Among the sentiment analysis tools you can choose, there are:
- Social media listening tools
- Survey tools
- NLP Libraries
- Cloud-based NLP services
Symanto’s Customer Sentiment Analysis
Symanto is a next-generation text analysis technology dedicated to converting unstructured data from customers’ talks into actionable insights and critical metrics.
Our world-class AI technology delivers highly accurate sentiment analysis constantly refined by a top team of deep learning experts.
We offer an AI-powered customer sentiment analysis that is executed on two levels:
- Text level sentiment – considers the tonality of the overall text
- Topic level sentiment – identifies specific attitudes regarding a topic
And permits an instant text analysis and insights delivery, in order to empower you to improve business decisions immediately.
Main features of Symanto’s customer sentiment analysis
- AI-based: considers the whole context.
- Industry-specific models: pre-trained models that include the particular nuances of an industry.
- Enhanced accuracy: models trained on billions of texts, polished by domain experts and linguists that deliver accurate results and minimised false-neutral output.
- Topic-level sentiment analysis: uncover granular attitudes relative to a topic.
Customer sentiment analysis use cases:
We’re at the forefront of NLP research and technology. Thus, constantly exploring new ways to help businesses extract insights from their data. Our tools for customer sentiment and emotion detection, as well as our unique psychographics tools, are just some of the ways we can help you get more out of your customer data.
If you’re ready to take your customer sentiment analysis to the next level, get in touch or book your free personalised demonstration today.
Case Study
The real-world application of sentiment analysis highlights its impact on the future development of a business.
How Symanto delivers powerful insights into the competitive landscape for a digital fashion player
Zara revolutionised the fashion industry by launching a business model focusing on the latest fashion trends. A new wave of digital players pushed the limits further and come up with the concept of listing and delisting new products weekly.
One of these players approached Symanto to help them support their expansion with data-backed insights.
The methodology used:
- Executed a growth potential analysis based on online data sources like social media posts, site traffic, number of subscribers via the app, number of app downloads, etc.

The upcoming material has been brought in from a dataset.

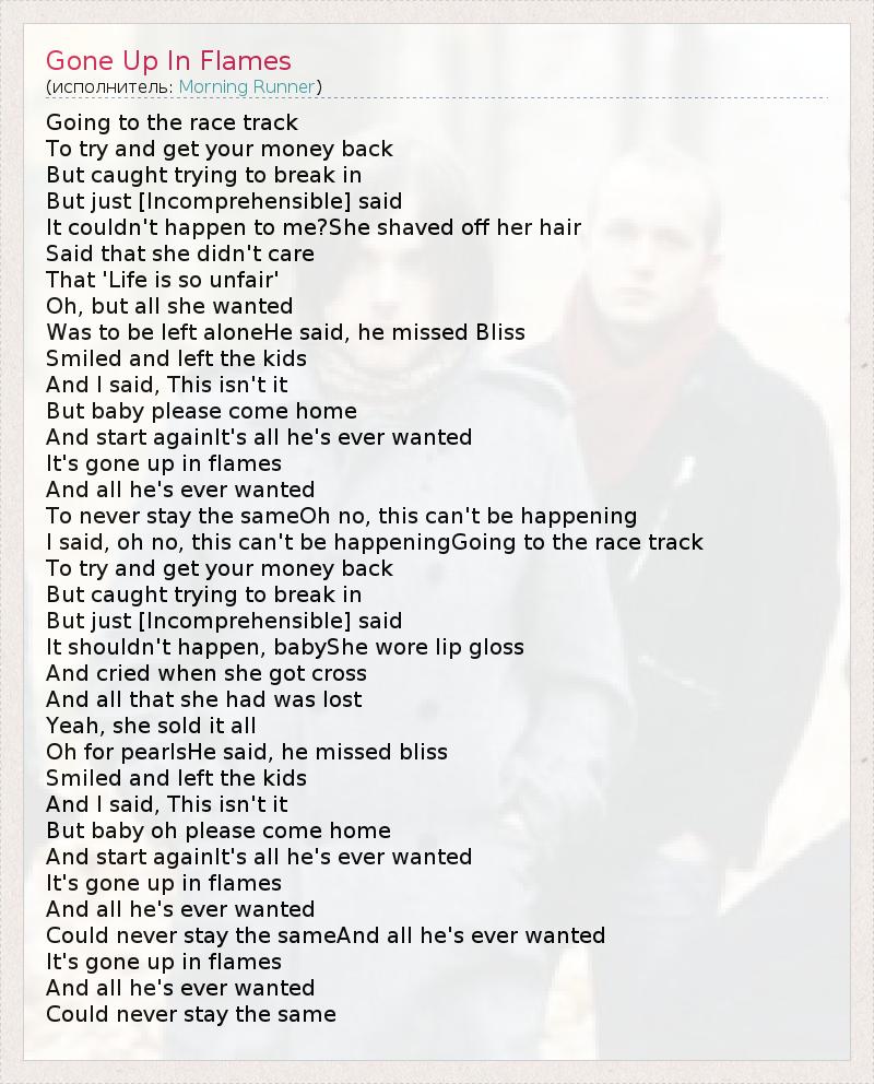 Going to the race track To try and get your money back But caught trying to break in But just [Incomprehensible] said It couldn't happen to me?She shaved off her hair Said that she didn't care That 'Life is so unfair' Oh, but all she wanted Was to be left aloneHe said, he missed Bliss Smiled and left the kids And I said, This isn't it But baby please come home And start againIt's all he's ever wanted It's gone up in flames And all he's ever wanted To never stay the sameOh no, this can't be happening I said, oh no, this can't be happeningGoing to the race track To try and get your money back But caught trying to break in But just [Incomprehensible] said It shouldn't happen, babyShe wore lip gloss And cried when she got cross And all that she had was lost Yeah, she sold it all Oh for pearlsHe said, he missed bliss Smiled and left the kids And I said, This isn't it But baby oh please come home And start againIt's all he's ever wanted It's gone up in flames And all he's ever wanted Could never stay the sameAnd all he's ever wanted It's gone up in flames And all he's ever wanted Could never stay the same

The detailed analysis revealed particular growth hacks used by the target competitor and its peers.
- Performed a customer sentiment analysis for each competitor based on the satisfaction drivers.

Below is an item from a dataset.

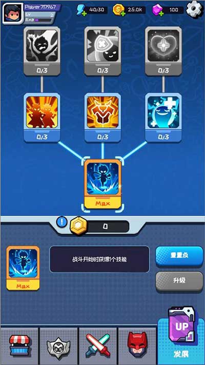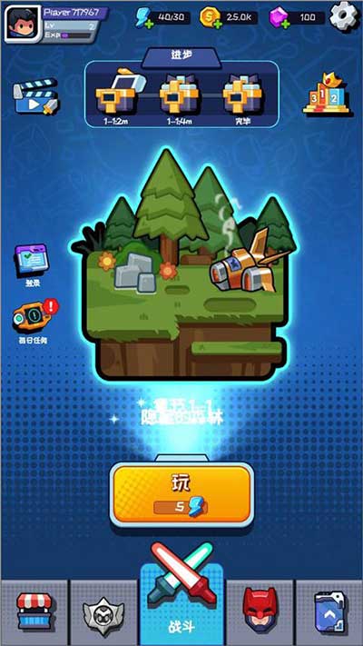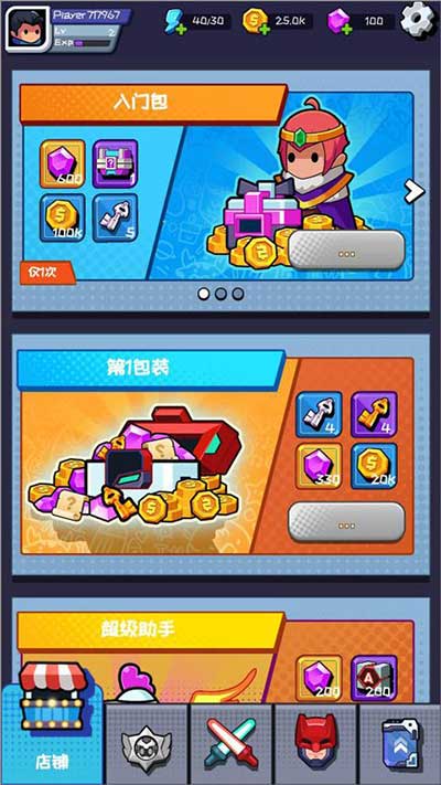 2、第一节通关后玩家将解锁商店、英雄和升级功能,玩家可利用游戏获得的钻石在商店中购买升级需要的材料;

- Examined customer engagement and the impact of using influencers.
Valuable insights were uncovered:
- Current market leader was about to be replaced by a challenger in the next months. A view that was not exactly clear at the time.
- Challenger company disposed of obvious cost advantages and a leader position for some other satisfaction drivers. A total surprise for the client company.
- The growth hacks employed by each competitor were radically different compared with the others.
- Current leader used mostly celebrities while the challenger experienced better results hiring micro and nano influencers.
- Leader’s style was not flexible enough to permit expansion to new market segments.
Customer Sentiment Analysis Best Practices
As always, in business, the success of an action relies on choosing the right strategies. When executing a sentiment analysis respecting the following good practices it’s important:
- To get a holistic view combine the quantitative and qualitative aspects.
- Choose tools that update regularly their models with the current language trends.
- Improve accuracy by incorporating human validation into the process.
- NLP techniques are constantly evolving, make sure you use the newest versions.
Customer sentiment analysis gives you access to a world where customer satisfaction and business expansion party together. Make the most of it to support your future business growth.